**WHAT TO DO**
Using the data that follows, give again word for word the lines between the one holding "nikoruy61 писал(а):Мне одному" and the one holding "袁志康在致辞中表达了对母校深", inclusive. Omit the pictures.

**PROVIDED DATA**
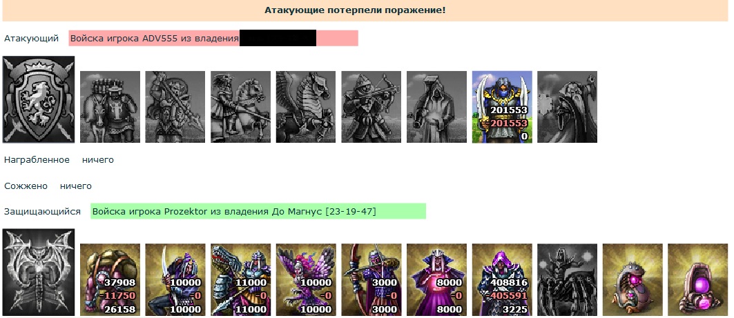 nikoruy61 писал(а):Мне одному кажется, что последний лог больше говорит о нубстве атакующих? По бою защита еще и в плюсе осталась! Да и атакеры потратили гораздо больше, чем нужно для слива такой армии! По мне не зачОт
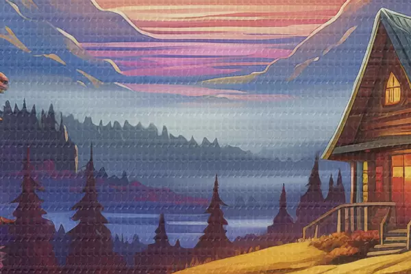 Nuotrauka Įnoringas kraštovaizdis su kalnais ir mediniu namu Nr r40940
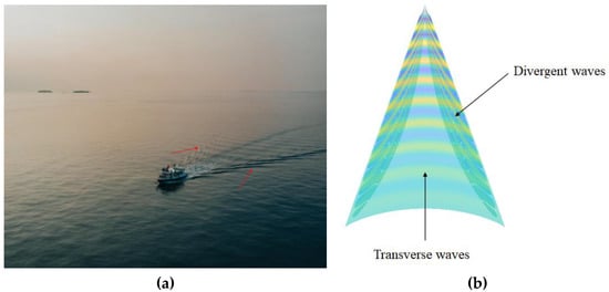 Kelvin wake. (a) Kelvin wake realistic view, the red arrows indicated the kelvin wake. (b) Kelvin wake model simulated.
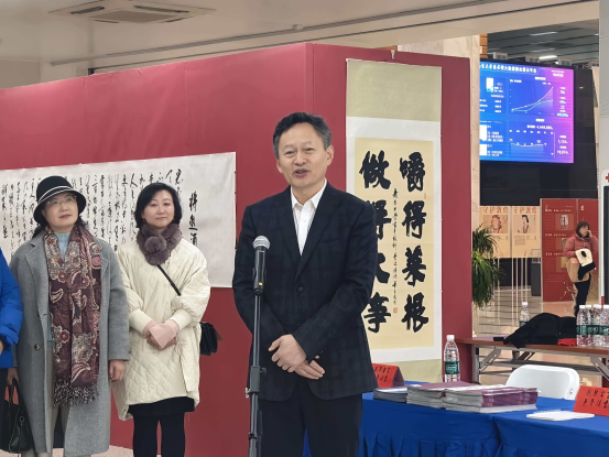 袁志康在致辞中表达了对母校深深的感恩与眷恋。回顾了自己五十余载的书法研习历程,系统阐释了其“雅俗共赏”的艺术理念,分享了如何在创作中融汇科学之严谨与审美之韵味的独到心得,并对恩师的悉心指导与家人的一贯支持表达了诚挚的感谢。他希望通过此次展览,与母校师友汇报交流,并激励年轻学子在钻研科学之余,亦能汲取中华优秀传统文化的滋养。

* * *

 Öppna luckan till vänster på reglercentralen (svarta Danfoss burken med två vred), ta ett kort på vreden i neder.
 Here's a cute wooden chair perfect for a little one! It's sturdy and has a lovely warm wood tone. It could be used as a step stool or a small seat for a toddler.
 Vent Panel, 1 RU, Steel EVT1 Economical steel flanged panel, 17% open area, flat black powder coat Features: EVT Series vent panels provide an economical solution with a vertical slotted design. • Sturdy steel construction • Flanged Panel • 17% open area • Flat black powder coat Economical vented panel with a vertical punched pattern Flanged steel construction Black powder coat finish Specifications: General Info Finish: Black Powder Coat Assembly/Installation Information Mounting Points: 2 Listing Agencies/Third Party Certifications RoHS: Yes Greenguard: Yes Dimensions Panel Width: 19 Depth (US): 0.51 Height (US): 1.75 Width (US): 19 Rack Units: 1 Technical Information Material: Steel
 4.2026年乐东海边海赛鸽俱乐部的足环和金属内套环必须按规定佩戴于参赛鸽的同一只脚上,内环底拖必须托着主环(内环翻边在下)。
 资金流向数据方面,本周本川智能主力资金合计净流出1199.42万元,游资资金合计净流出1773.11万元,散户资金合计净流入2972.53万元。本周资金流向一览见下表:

**EXPECTED ANSWER**
 nikoruy61 писал(а):Мне одному кажется, что последний лог больше говорит о нубстве атакующих? По бою защита еще и в плюсе осталась! Да и атакеры потратили гораздо больше, чем нужно для слива такой армии! По мне не зачОт
 Nuotrauka Įnoringas kraštovaizdis su kalnais ir mediniu namu Nr r40940
 Kelvin wake. (a) Kelvin wake realistic view, the red arrows indicated the kelvin wake. (b) Kelvin wake model simulated.
 袁志康在致辞中表达了对母校深深的感恩与眷恋。回顾了自己五十余载的书法研习历程,系统阐释了其“雅俗共赏”的艺术理念,分享了如何在创作中融汇科学之严谨与审美之韵味的独到心得,并对恩师的悉心指导与家人的一贯支持表达了诚挚的感谢。他希望通过此次展览,与母校师友汇报交流,并激励年轻学子在钻研科学之余,亦能汲取中华优秀传统文化的滋养。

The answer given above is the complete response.